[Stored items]
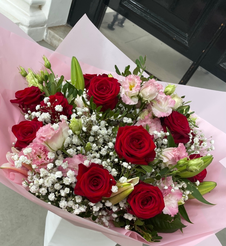 Mixed bouquet with red roses, lilies, lisianthus & gypsophila
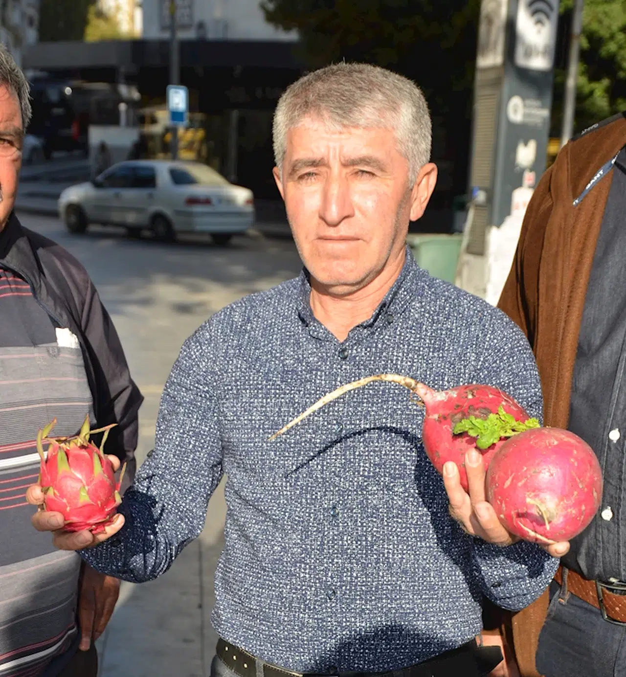 Namık Kemal KILINÇ/SERİK (Antalya), (DHA)- ANTALYA'nın Serik ilçesinde üretici Beyazıt Işık (50), Donald Trump yeniden ABD başkanı seçilince halka ücretsiz turp ve ejder meyvesi dağıttı. Işık, "1995 yılından bu tarafa kendisinin hayranıyım. 1995 yılında ABD'de bulunduğum süre içerisinde kendisiyle görüşmüştüm. Zaferi kazanmasının ardından 2 bin ejder meyvesi dağıttım. Turp, Trump başkanın simgesidir" dedi.
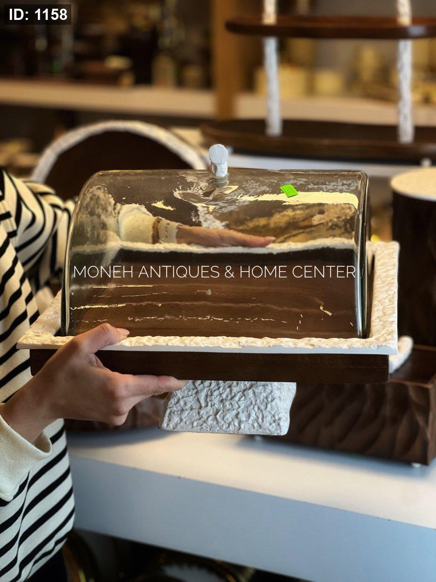 مضيفة برجل مربع مع غطاء زجاج
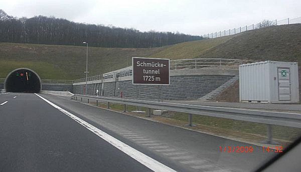 Im Tunnel. Die gesamte Beleuchtung besteht aus modernster LED-Technik. Damit ist dieser Tunnel Deutschlands erster und einzigster, der damit ausgerüstet wurde.
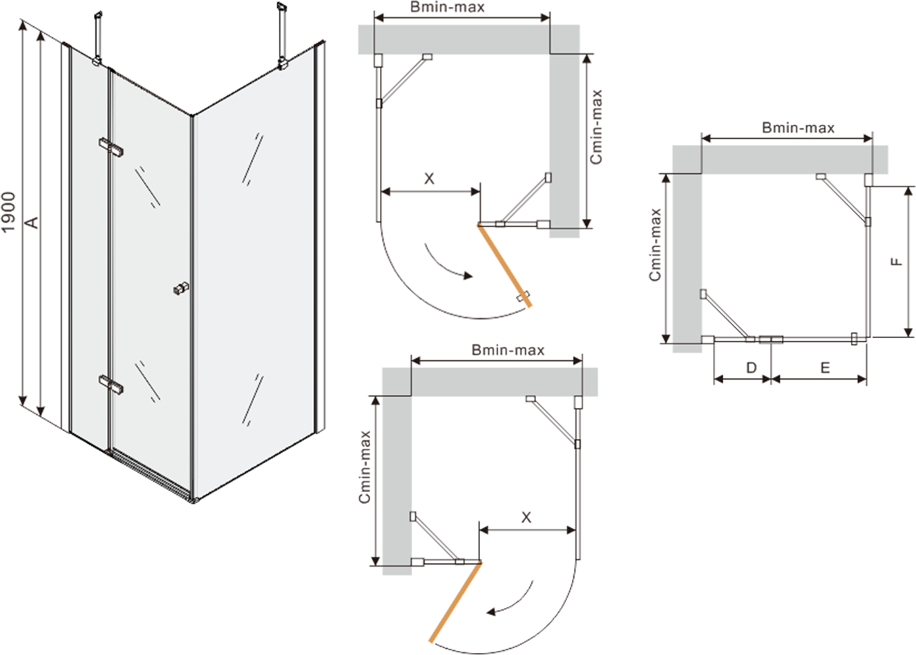 Pateicoties universālajai montāžas sistēmai, dušas durvis var uzstādīt no kreisās vai labās puses, atkarībā no vajadzībām. Tādējādi jūs varat viegli izstrādāt dušu, kas piemērota vannas istabas telpai.

WHAT YOU NEED TO DO: Apart from the pictures, every line above must be repeated exactly.

REPLY TO THE TASK:
 Mixed bouquet with red roses, lilies, lisianthus & gypsophila
 Namık Kemal KILINÇ/SERİK (Antalya), (DHA)- ANTALYA'nın Serik ilçesinde üretici Beyazıt Işık (50), Donald Trump yeniden ABD başkanı seçilince halka ücretsiz turp ve ejder meyvesi dağıttı. Işık, "1995 yılından bu tarafa kendisinin hayranıyım. 1995 yılında ABD'de bulunduğum süre içerisinde kendisiyle görüşmüştüm. Zaferi kazanmasının ardından 2 bin ejder meyvesi dağıttım. Turp, Trump başkanın simgesidir" dedi.
 مضيفة برجل مربع مع غطاء زجاج
 Im Tunnel. Die gesamte Beleuchtung besteht aus modernster LED-Technik. Damit ist dieser Tunnel Deutschlands erster und einzigster, der damit ausgerüstet wurde.
 Pateicoties universālajai montāžas sistēmai, dušas durvis var uzstādīt no kreisās vai labās puses, atkarībā no vajadzībām. Tādējādi jūs varat viegli izstrādāt dušu, kas piemērota vannas istabas telpai.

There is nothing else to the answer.